Why was Safe Harbour Introduced?

The safe harbour reforms seek to address a concern that the risk of personal liability for insolvent trading was causing directors to appoint external administrators prematurely, rather than to attempt a stable restructure. The legislation seeks to strike a better balance between creditor’s inters and encouraging directors to manage challenging financial situations in a responsible fashion. The intention of the safe harbour reforms is to encourage proactive restructuring, and to avoid formal insolvency processes.

How do I prove I was complying with Safe Harbour provisions?
Well the burden of proof falls to the director – so if you are going to claim safe harbour make sure you get professional advice from someone who is will be a reliable expert, skilled in giving evidence and competent enough to retain evidence to prove you were actually complying with the safe harbour provisions.
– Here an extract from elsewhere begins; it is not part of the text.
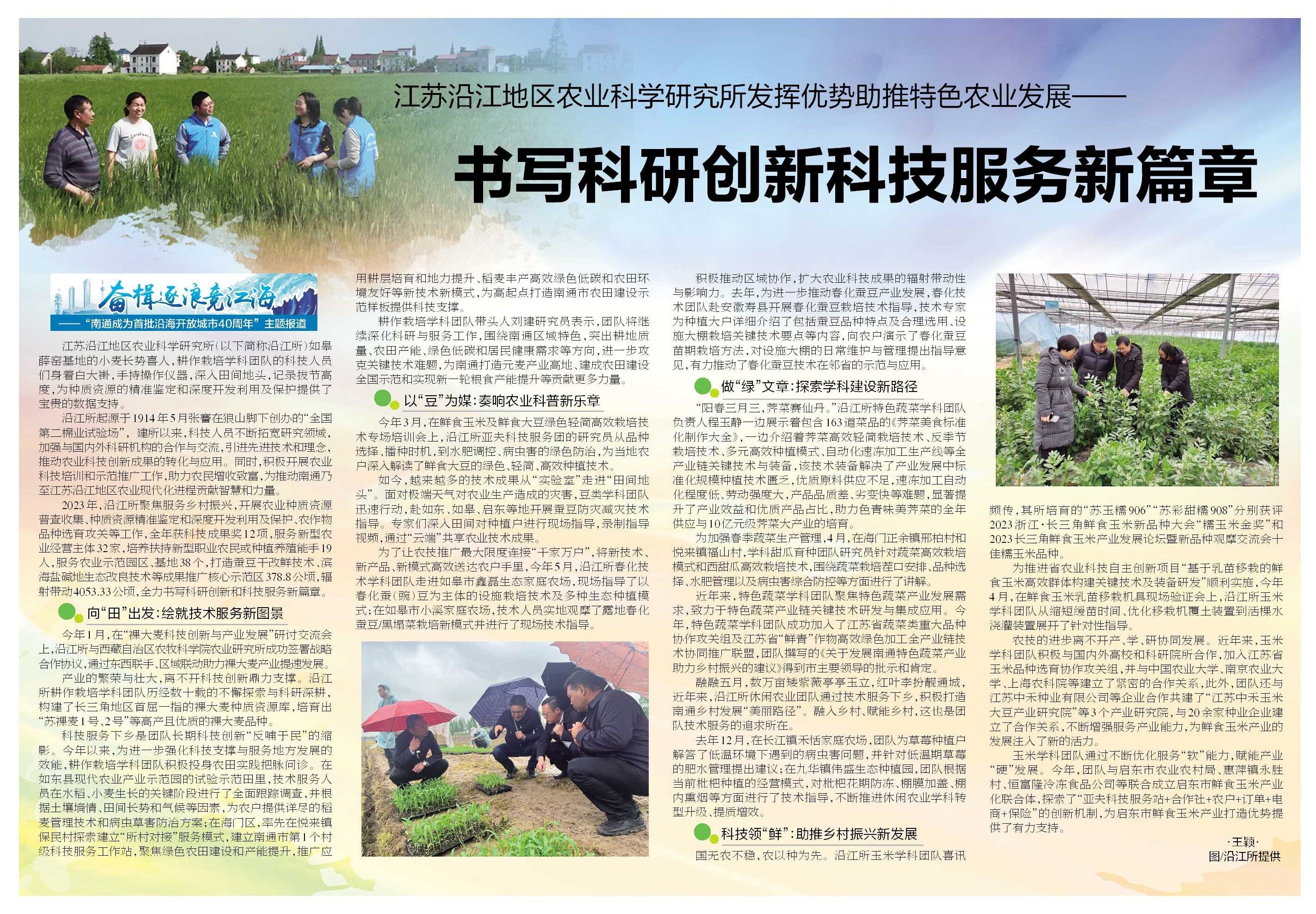 2023年,沿江所聚焦服务乡村振兴,开展农业种质资源普查收集、种质资源精准鉴定和深度开发利用及保护、农作物品种选育攻关等工作,全年获科技成果奖12项,服务新型农业经营主体32家,培养扶持新型职业农民或种植养殖能手19人,服务农业示范园区、基地38个,打造蚕豆干改鲜技术、滨海盐碱地生态改良技术等成果推广核心示范区378.8公顷,辐射带动4053.33公顷,全力书写科研创新和科技服务新篇章。

Assume the bar to proving safe harbour will be high and get it right by choosing an honest and appropriately qualified practitioner, that will protect you should the need ever arrive.
So what does an appropriately Qualified Practitioner need to verify?
The Appropriately Qualified Entitiy (‘AQE’) needs to verify that at a particular time after the director started to suspect a company may become or already is insolvent, he or she started developing one or more courses of action that are reasonably likely to lead to a better outcome for the company. In addition, the director will need to be up to date with employee entitlements and have lodged the company’s tax returns including the business activity statements. It goes without saying that the director must be complying with all other director duties to be in safe harbour.
When should a Director implement Safe Harbour?
We suggest that directors consider safe harbour when they suspect their company is approaching a state of financial distress or the outcome of a matter may result in the company’s distress and ultimate failure. Claiming safe harbour immediately before placing a company into liquidation will not protect the director’s assets from an insolvent trading claim: action needs to be taken when the possibility of the distress is first identified. That way the director will be properly protected by keeping in place the corporate veil.